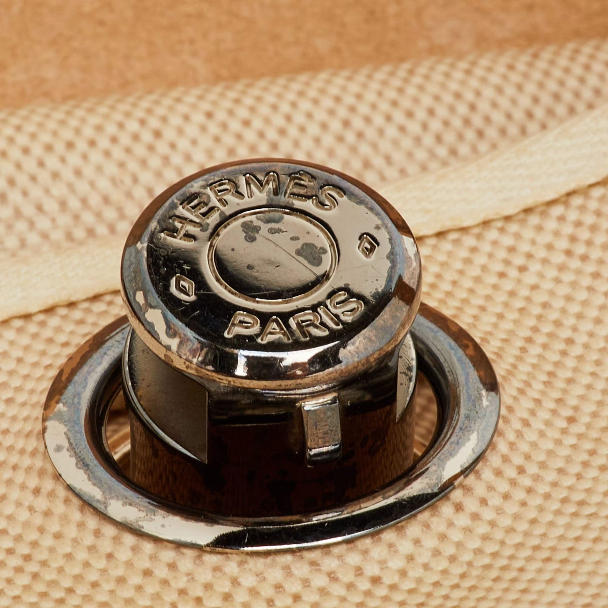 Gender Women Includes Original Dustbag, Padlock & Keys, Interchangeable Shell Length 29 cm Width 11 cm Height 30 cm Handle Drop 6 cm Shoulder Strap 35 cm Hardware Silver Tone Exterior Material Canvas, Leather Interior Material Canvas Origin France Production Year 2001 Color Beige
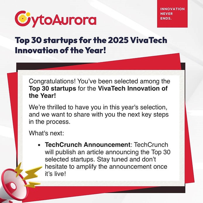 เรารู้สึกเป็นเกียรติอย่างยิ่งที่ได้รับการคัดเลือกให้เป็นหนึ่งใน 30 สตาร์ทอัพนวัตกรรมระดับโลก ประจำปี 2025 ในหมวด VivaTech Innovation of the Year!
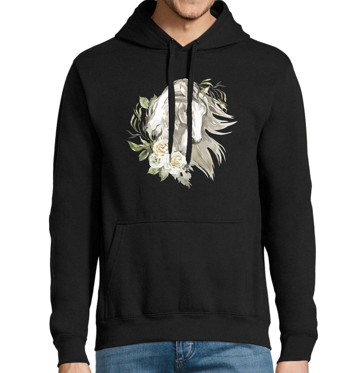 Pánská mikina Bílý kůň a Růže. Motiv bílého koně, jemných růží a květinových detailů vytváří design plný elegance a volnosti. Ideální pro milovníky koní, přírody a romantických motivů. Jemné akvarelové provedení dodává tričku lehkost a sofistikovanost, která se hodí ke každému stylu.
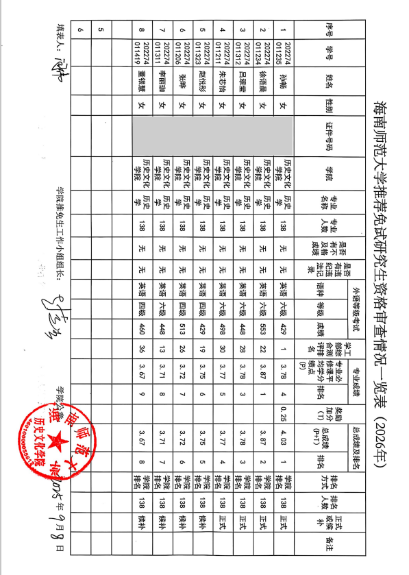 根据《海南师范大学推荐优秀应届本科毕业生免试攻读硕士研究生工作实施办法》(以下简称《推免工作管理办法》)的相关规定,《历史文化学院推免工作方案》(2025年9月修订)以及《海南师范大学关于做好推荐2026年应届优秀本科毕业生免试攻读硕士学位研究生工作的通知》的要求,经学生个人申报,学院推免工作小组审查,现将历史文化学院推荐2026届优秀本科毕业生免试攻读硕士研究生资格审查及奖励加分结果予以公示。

--

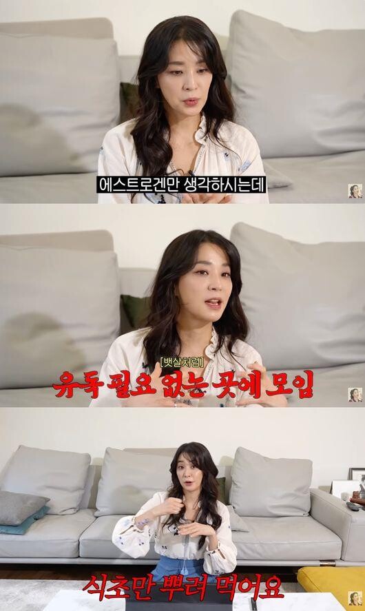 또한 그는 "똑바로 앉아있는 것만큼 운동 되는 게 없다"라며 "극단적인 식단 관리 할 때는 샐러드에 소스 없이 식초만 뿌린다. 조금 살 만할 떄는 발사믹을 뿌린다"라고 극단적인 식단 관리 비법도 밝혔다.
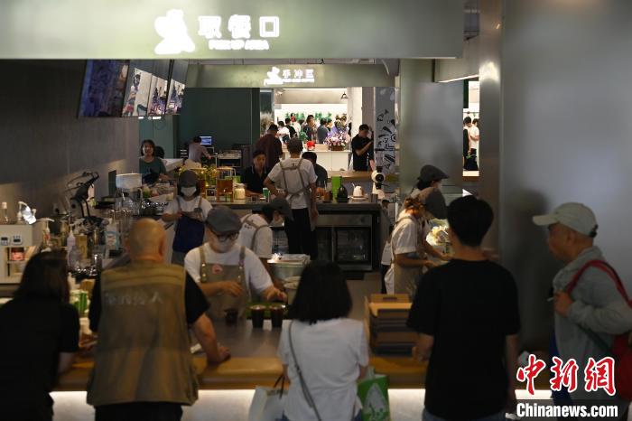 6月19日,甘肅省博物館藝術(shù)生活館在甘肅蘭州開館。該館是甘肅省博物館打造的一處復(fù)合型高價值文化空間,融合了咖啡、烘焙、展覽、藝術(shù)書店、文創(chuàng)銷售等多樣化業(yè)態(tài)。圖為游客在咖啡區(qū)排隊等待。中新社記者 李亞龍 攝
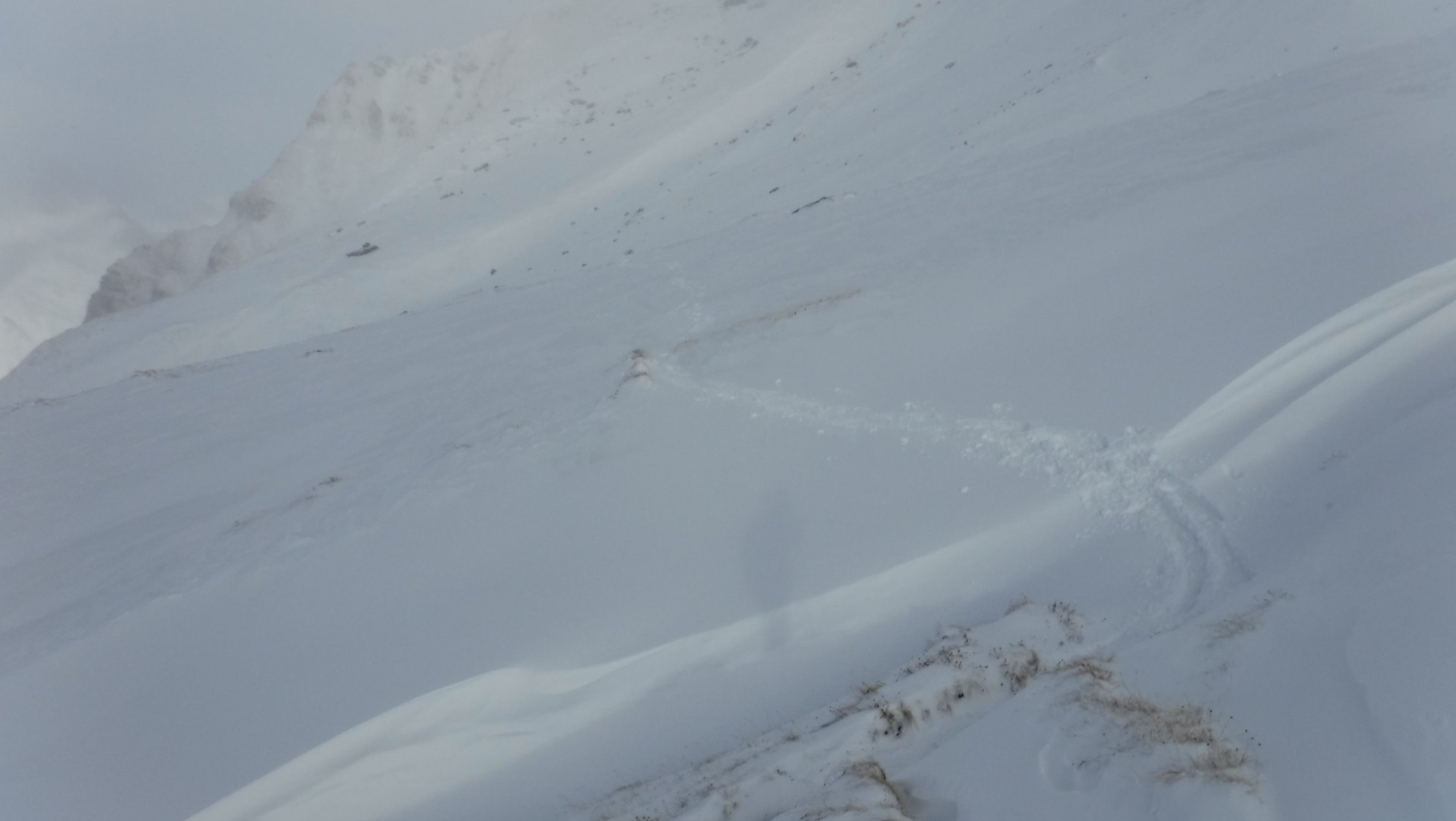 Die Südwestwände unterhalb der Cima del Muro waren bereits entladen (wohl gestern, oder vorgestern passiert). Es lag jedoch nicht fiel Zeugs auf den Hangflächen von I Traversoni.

Task prompt
Would you output the lines above from the line holding "Pánská mikina Bílý" up to and including the line holding "根据《海南师范大学推荐优秀应", exactly and only those, with no pictures?

Result of the task
 Pánská mikina Bílý kůň a Růže. Motiv bílého koně, jemných růží a květinových detailů vytváří design plný elegance a volnosti. Ideální pro milovníky koní, přírody a romantických motivů. Jemné akvarelové provedení dodává tričku lehkost a sofistikovanost, která se hodí ke každému stylu.
 根据《海南师范大学推荐优秀应届本科毕业生免试攻读硕士研究生工作实施办法》(以下简称《推免工作管理办法》)的相关规定,《历史文化学院推免工作方案》(2025年9月修订)以及《海南师范大学关于做好推荐2026年应届优秀本科毕业生免试攻读硕士学位研究生工作的通知》的要求,经学生个人申报,学院推免工作小组审查,现将历史文化学院推荐2026届优秀本科毕业生免试攻读硕士研究生资格审查及奖励加分结果予以公示。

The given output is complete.